Sunday, 4 November 2018

How fashion became the star of the show on Killing Eve


You can tell a TV villain has made their mark on popular culture if they become a Halloween costume. This week, for every Trumpian wig or handmaid’s bonnet seen at a Halloween party, there was a giant pink dress based on the one worn by the assassin Villanelle, Killing Eve’s antihero.

It has become impossible to talk about the BBC’s eight-part hit – the final instalment of which airs on BBC One on Saturday – without talking about the clothes. Yes, the pink organza dress by Molly Goddard worn with black Balenciaga boots in episode three that subsequently broke the internet, but also what was to come.

Each week we have devoured the fashions. See the Dries Van Noten suit worn by Villanelle to murderous ends in Berlin, or the girlish Paige denim cut-offs worn to shimmy up a drainpipe in Tuscany. And then there is Eve, the brilliant MI5 operative whose ineptness when it comes to getting dressed is partly what attracts the assassin.
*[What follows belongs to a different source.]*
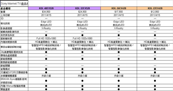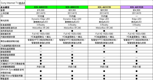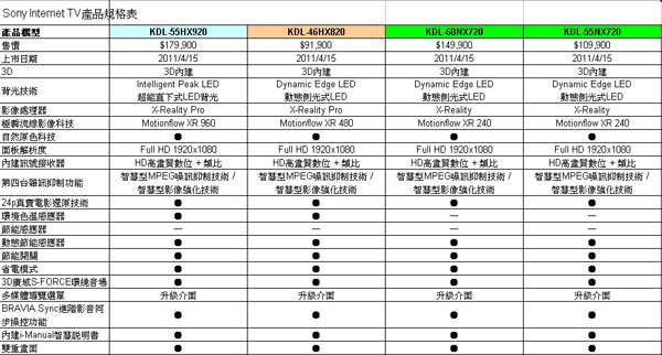 全新Sony Internet TV共七個系列17款,透過網路連結與BRAVIA Internet Video網路影音平台,不僅可以觀賞網路上的各類影片、查詢播放內容,甚至可以透過Skype進行視訊電話,連繫親友情感。高階機種透過新一代X-Reality Pro影像處理晶片、超能直下式LED背光技術、OptiContrast優效對比極致面板、及Motionflow XR960極瞬流線影像科技,帶來細膩流暢且生動鮮明的Full HD 2D與3D高畫質影像,而外型則承襲黑彩藝晶一體成型的設計再進化,讓電視無論於開機或關機時,都是家居擺設的完美焦點。此外,全新的媒體遙控功能、多功使用者介面、與智慧型節能感應功能,帶來更直覺簡便的操作,讓使用者輕鬆進入未來式的影音娛樂世界。

The green scarf that becomes a prized trophy, the scene-stealing jumper-attached-to-the-shirt and then, of course, the monochrome Roland Mouret one planted in her suitcase, which flipped the power between hunter and hunted. Clothing repels and attracts them, leaving Villanelle torn between trying to hunt her and style her.
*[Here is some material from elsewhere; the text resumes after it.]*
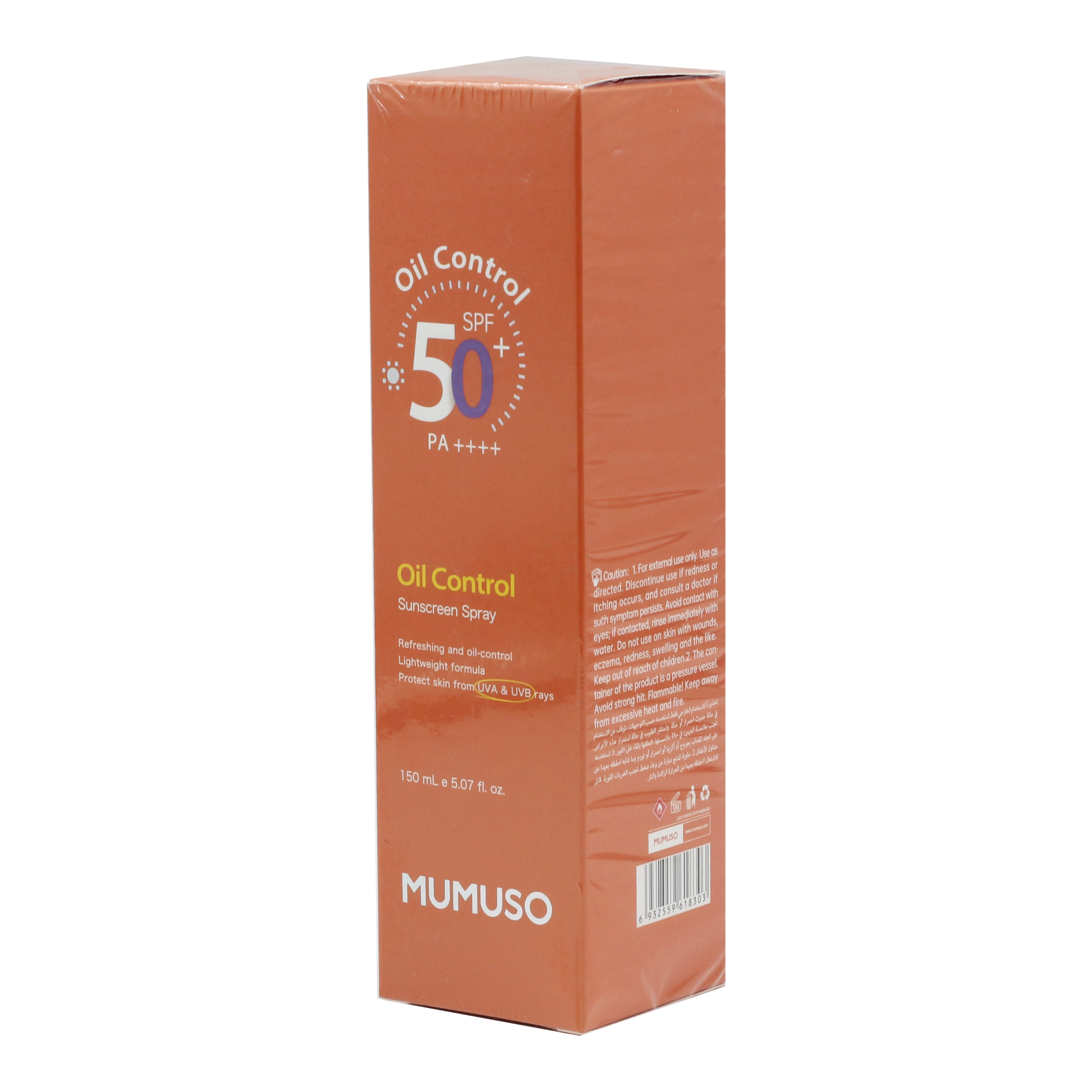 With SPF 50+ PA++++, the sunscreen spray helps protect skin from UV rays.

Based on the novellas by the journalist Luke Jennings, Killing Eve follows Eve Polastri (Sandra Oh), a semi-happily married desk-based MI5 operative searching for the young assassin played by Jodie Comer. It begins with ice cream, a Lanvin dress and a murder in Vienna, but as the body count goes up, so too do the costume changes.

“Fashion is used as Villanelle dresses carefully for her kills. It’s important to her, part of the ritual,” explains Jennings. Jennings had sent a Pinterest board to the producer and writer, Fleabag’s Phoebe Waller-Bridge, suggesting everything from bridge card rooms to Russian fur hats. It all goes back to the books. In one of the narratives, she murders a mafia boss in “a silk Valentino dress”. In another she wears Vivienne Tam to murder a Chinese hacker. Jennings describes Villanelle’s aesthetic as “goofy couture”, and Eve’s as “defined by her incompetence at shopping”.